再会
仕事を終え、部屋へ戻った私の元に桃次郎から手紙が届いていた。
彼のことを思い出し、少々うんざりしながらも手紙を開こうとしら、渡に取り上げられビリビリに破かれ窓から外に捨てられてしまった。
「桃次郎からの手紙なんて見る必要ないでござるよ。どうせロクなことが書かれていないでござる」
「そ、そうかな? さすがに読まずに捨てるのは悪い気が……」
「柚子葉殿も奴の不愉快さは身を持って体験したはずでござろう」
「そうだけど……」
私は渡が破いた手紙の事を考えていた。
渡は窓から庭の方へばら撒いた。風に乗って散らばった紙を掃除するのは私なんだけどな。
捨てるにしても丸めてゴミ箱に入れて欲しかった。
柚子葉は渡の手から溢れた手紙の破片が部屋に落ちているのを見つけた。捨てようとそれを拾うと、その破片に書いてある文字に私は釘付けになった。
“灰桜”
私はその二文字だけで、手紙の内容を理解した。
涙が溢れて止まらない。
灰桜……それはかつて旅をした友の名前。
彼等はここへ来たのだ。
ついに仲間達と会えるのだ。
渡は急に泣き出した私に、狼狽えていた。
「ごめん、渡。気にしないで。嬉し泣きだから」
仲間達は皆元気だろうか。
灰桜鴇、杜若瑠璃、蘇芳真朱、夕霧
みんなに会いたい。
「渡。私、桃次郎さんのところへ行ってくる」
「ちょっ……待つでござる」
渡は私の腕を掴み、思い切り引き寄せた。私の身体は渡の腕の中にすっぽりと入ってしまう。
「今日は拙者といるでござる」
「え?」
「あっ」
私の顔がみるみると赤くなり、渡のセリフが頭の中をぐるぐると回り駆け巡る。
渡にそんな事言われるなんて。
「ち、違っ。柚子葉殿。今のはそういう意味ではなく……」
「違うの?」
何だ、ただのぬか喜びになってしまった。
渡は想い人の姫がいるし、当然だよね。勘違いして恥ずかしい。
「桃次郎のところに行く必要が感じられないでござる」
「渡、違うの。この手紙には私の仲間のことが書かれていて、もしかしたら会えるかもしれないの。仲間のことは前に話したでしょう? 」
「じゃあ、拙者も共に行くでござる」
「ありがとう渡。貴方の事を仲間に紹介するね!」
私は渡と共に桃次郎のいるという宿に向かった。
小走りで街を駆け抜け、宿へ着くと桃次郎が迎え入れてくれた。
「柚子葉さん、手紙を見てくださったのですね」
「はい、ありがとうございます。あの……それで私の知り合いが桃次郎さんの元へ来ませんでしたか?」
「来ましたよ。

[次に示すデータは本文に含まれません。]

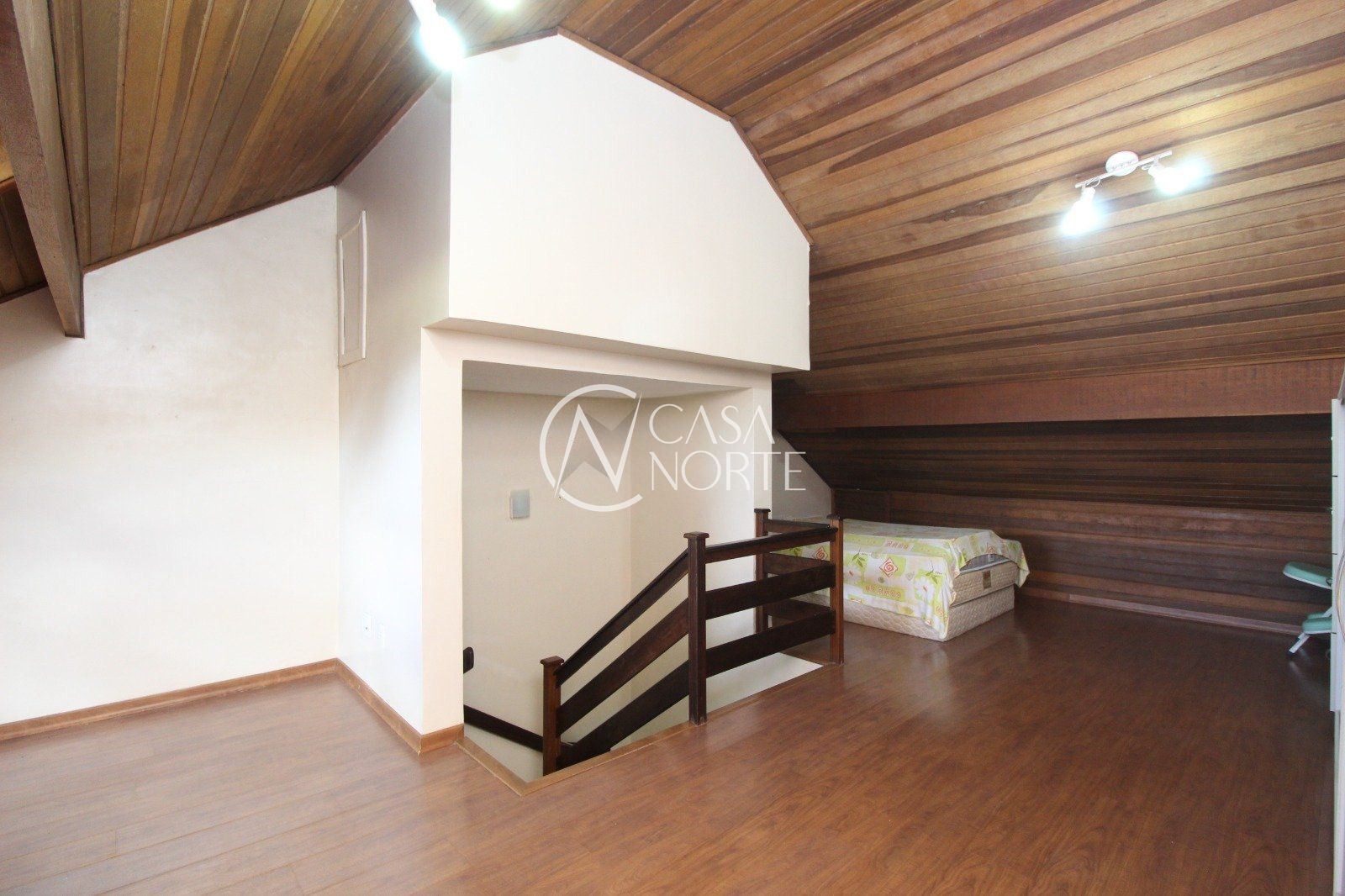 No último andar, um sótão versátil pode ser usado como quarto extra, escritório ou sala de lazer.

瑠璃さんとそれ以外の方が」
桃次郎は瑠璃のことが気に入ったのか。可愛いから仕方のないことだけれど。
そういえば、渡はどうなのだろう。瑠璃に会ったらやっぱり気になったりするのかな。
少し胸がチクチクと痛んだ。
「瑠璃さん達から柚子葉さんに伝言を預かっていますよ。ここの宿に彼等はいるそうです」
「あ、ありがとうございます! 桃次郎さん」
「いえいえ、大した事ではないですよ。今度柚子葉さんと瑠璃さんの二人で僕の部屋にいらしてください。おもてなしいたしますので」
「考えておきます」
はっきりとは返事はしなかったが、橋渡しになってくれた桃次郎には感謝してもしきれないし、今度お礼も兼ねて瑠璃を連れて行ってもいいかもしれない。
私は桃次郎に渡されたメモに書いてある宿を訪ねると、宿の人に私が来る事を事前に仲間達が伝えてくれていたらしく、簡単に仲間達の部屋を教えてくれた。
私は仲間達の泊まっている部屋へ、一歩、また一歩と近づいていった。
久しぶりに会う事を考えると緊張してくる。
鴇とは喧嘩別れだし、私が妖に食べられたせいで大分迷惑をかけてしまったのではないだろうか。
会ったらまずは謝ろう。そして、私に会おうとしてくれたことに感謝をしよう。
渡のことも紹介したい。渡は一人になった私と共にいてくれた大切な仲間であると。
でもそんなこと言ったら鋭い瑠璃に私の渡への気持ちがバレてしまいそうだ。
私はついに、彼等が泊まっているという部屋の前にたどり付いた。
やっと、会えるのだ。私は大きく深呼吸し、扉をノックした。
ノックし数十秒待つが、何の反応もない。
外出中だったかな、夜だし夕飯を食べに外へ行っていてもおかしい時間ではない。ノックが中に聞こえなかった可能性もあるため、念のため私はもう一度扉を叩いた。
「柚子葉だけど、皆いないの?」
「柚子葉ちゃん?」
今度は中から真朱と思われる声が聞こえてきた。
足音が扉の方へ近づいてくると、ゆっくりと扉が開かれた。
扉の隙間から充血した目に涙が溢れている真朱がいた。
「柚子葉ちゃん……」
真朱はそのまま崩れるように膝を付いた。真朱の手から離れ揺れる扉の隙間から部屋の中が垣間見える。
そこに見えたのは夥しい量の“血”だった――。
「え?」
私がその扉を開けると、そこには散らばった人間の臓物があった。
しかし臓物は原型を留めておらず、どれが心臓でどれが肝臓なのかわからぬ有様だ。
ただ、細切れのレバーのような塊がそこら中に散らばっているのだ。
弾け飛んだのは胴の部分だけのようで、手、足、頭部は残っている。
私が恐る恐る頭部へ視線を移すと、そこには美少女の面影一つない瑠璃の顔があった。
瑠璃の大きくて魅力的な眼球は零れ落ちそうになっており、口からは大量の血が溢れでている。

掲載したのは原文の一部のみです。